The loop terminates after TASCConfig.n_em_iter outer iterations or, if TASCConfig.em_tol is set, as soon as the maximum absolute change in \((A, H)\) between successive iterations falls below the threshold.

Spectral Initialization#

EM is sensitive to initialization (as noted in the paper’s Section 7). TASC therefore warm-starts \(\theta^{(0)}\) from a truncated SVD of the pre-intervention matrix (mlsynth.utils.tasc_helpers.setup.initialize_parameters()):

\[Y_{\text{pre}} \;=\; U \, \operatorname{diag}(s) \, V^\top, \qquad H^{(0)} = U_{:, 1:d} \, \operatorname{diag}(s_{1:d}), \qquad X^{(0)} = V_{:, 1:d}.\]

The transition matrix \(A^{(0)}\) is obtained from a ridge- regularized AR(1) least-squares fit on the latent trajectory \(X^{(0)}\); \(Q^{(0)}\) and \(R^{(0)}\) are seeded from the corresponding residual variances; and \(m_0^{(0)}, P_0^{(0)}\) are taken from the first row of \(X^{(0)}\) and \(Q^{(0)}\) respectively.

Treatment Effect and Pre-Period Fit#

For post-treatment periods \(t = T_0 + 1, \dots, T\), the average treatment effect on the treated is the mean of the post-period gap between the observed target and its TASC reconstruction:

\[\widehat{\mathrm{ATT}} \;=\; \frac{1}{T - T_0} \sum_{t = T_0 + 1}^{T} \left( y_{0, t} - \hat y_{0, t} \right),\]

reported as TASCResults.att. The pre-period RMSE between the observed target and the smoother’s pre-treatment fit,

\[\mathrm{RMSE}_{\text{pre}} \;=\; \sqrt{ \frac{1}{T_0} \sum_{t = 1}^{T_0} \left( y_{0, t} - \hat y_{0, t} \right)^2 },\]

is reported as TASCResults.pre_rmse and serves as the primary fit diagnostic.

Complexity#

The dominant cost of TASC is \(O(N_1 \, T_0 \, N^3)\), where \(N_1\) is the number of EM iterations and the \(N^3\) term arises from inverting the innovation covariance during the Kalman filter. The post-EM full-window pass adds \(O(T \, N^3)\), which is negligible when \(T \ll N_1 \, T_0\). Constraining \(R\) to be diagonal in the M-step (the default) does not change the filter’s inner-loop complexity but does reduce parameter-count variance and improves numerical stability in moderate-\(N\) regimes.

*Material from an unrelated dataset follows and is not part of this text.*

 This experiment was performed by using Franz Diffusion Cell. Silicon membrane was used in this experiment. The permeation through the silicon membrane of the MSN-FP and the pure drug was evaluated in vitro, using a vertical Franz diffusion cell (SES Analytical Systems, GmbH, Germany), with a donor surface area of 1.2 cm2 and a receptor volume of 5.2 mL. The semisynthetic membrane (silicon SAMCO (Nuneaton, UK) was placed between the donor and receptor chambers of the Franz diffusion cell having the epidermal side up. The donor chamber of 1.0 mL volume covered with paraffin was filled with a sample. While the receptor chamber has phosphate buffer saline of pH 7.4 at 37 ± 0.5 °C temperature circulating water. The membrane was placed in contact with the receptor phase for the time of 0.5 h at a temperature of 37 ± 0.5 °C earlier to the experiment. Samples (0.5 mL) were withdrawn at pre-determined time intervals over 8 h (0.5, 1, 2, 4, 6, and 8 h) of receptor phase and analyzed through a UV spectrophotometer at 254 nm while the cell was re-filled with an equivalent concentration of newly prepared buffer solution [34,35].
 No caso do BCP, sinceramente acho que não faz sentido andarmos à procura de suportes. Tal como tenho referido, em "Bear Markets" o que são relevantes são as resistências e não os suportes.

Algorithm 1 and the Theoretical Appendix#

The paper’s Algorithm 1 is the abstract “SC Family of Methods” frame (target-side regression on donors), which TASC instantiates implicitly through the state-space machinery rather than as a discrete code path. Appendix A’s Proposition A.1 (Kalman sufficiency, information loss by permutation invariance, dominance) is the theoretical justification for TASC’s edge over permutation-invariant SC variants; it does not correspond to a separate routine in mlsynth.

Core API#

Time-Aware Synthetic Control (TASC) estimator.

Implements:

Rho, S., Illick, C., Narasipura, S., Abadie, A., Hsu, D., & Misra, V. (2026). “Time-Aware Synthetic Control.” arXiv:2601.03099.

TASC embeds the standard SC panel inside a linear-Gaussian state-space model

x_t = A x_{t-1} + q_{t-1}, q ~ N(0, Q) y_t = H x_t + r_t, r ~ N(0, R)

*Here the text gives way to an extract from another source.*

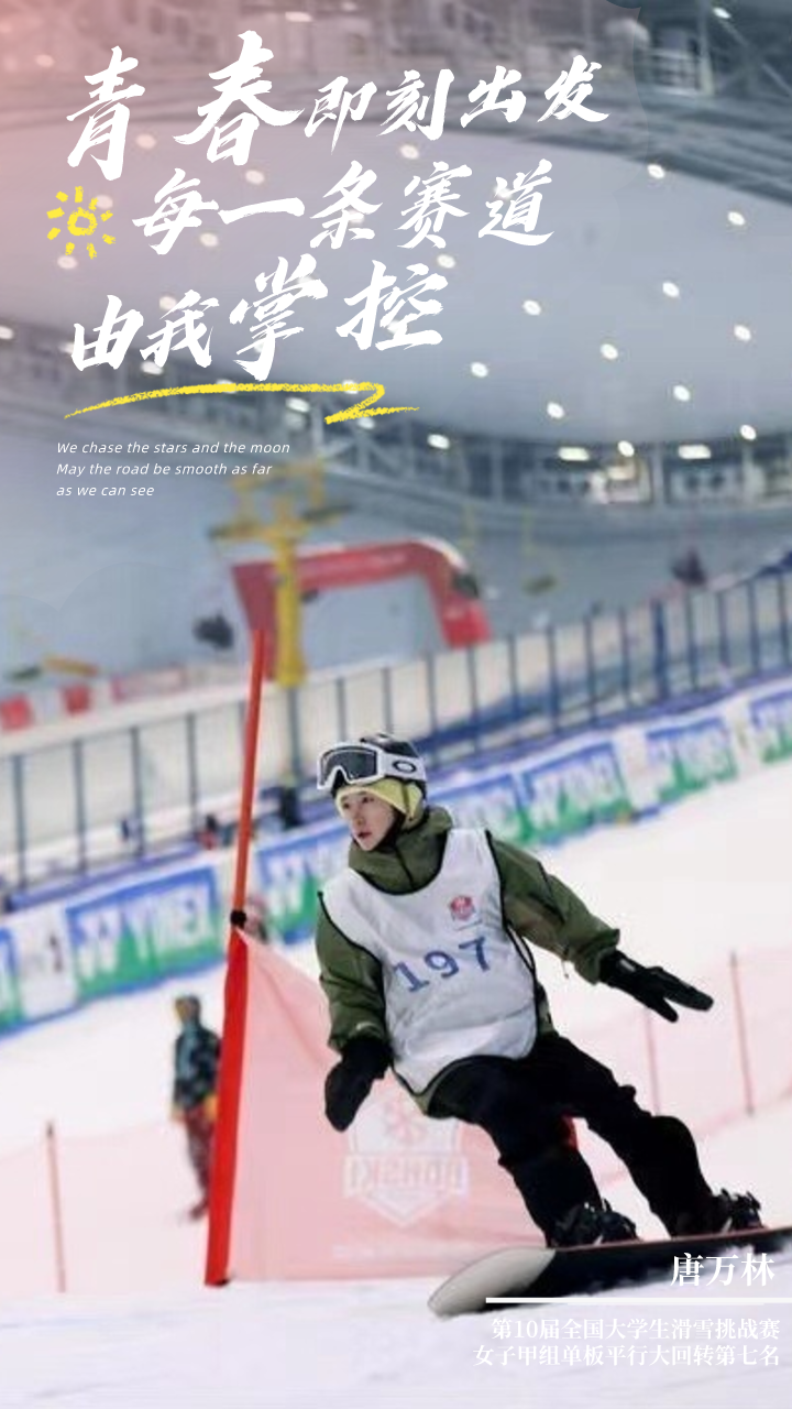 “滑雪,是我持之以恒的爱好。”回想起初次滑雪,俯看陡峭的雪道,唐万林早已准备好的勇气退散了一大半,“当时感到有点畏惧,但是滑雪好像自带‘悖论’,就是越陡的坡,就越让人产生主动去拥抱山下的欲望和勇敢。”当迈出了第一步,滑雪的魅力大门缓缓为她而打开。这是一个不断克服恐惧的过程,让她对恐惧有了更全新的认识,体会到一种飞驰的快感、对于自我的掌控感,对于所爱的成就感。不止是赛场,在青春这条赛道,她亦拥有了掌控自我的力量。

and learns the parameters theta = {A, H, Q, R, m_0, P_0} from the pre-treatment data via EM (Kalman filter + RTS smoother E-step, closed-form MLE M-step). Counterfactual inference runs a Kalman filter pass with the target’s observation-noise variance R_{1, 1} set to infinity over the post-treatment window, followed by RTS smoothing. The counterfactual is then y_hat_{0, t} = h_1^T m_t^s, with posterior CIs derived from h_1^T P_t^s h_1 + R_{1, 1}.

Algorithm flow (see mlsynth.utils.tasc_helpers):

setup.py : Algorithm 3 line 0 prepare_tasc_inputs, init theta_0 em.py : Algorithm 2 EM_pre filtering.py : Algorithms 4 and 5 Kalman filter passes smoothing.py : Algorithm 6 RTS smoother mstep.py : Algorithm 7 closed-form MLE M-step orchestration.py : Algorithm 3 run_tasc + summarize_effects inference.py : Algorithm 3 footer h_1^T m^s, posterior CIs

class mlsynth.estimators.tasc.TASC(config: TASCConfig | dict)#

Bases: object

Time-Aware Synthetic Control (TASC) estimator.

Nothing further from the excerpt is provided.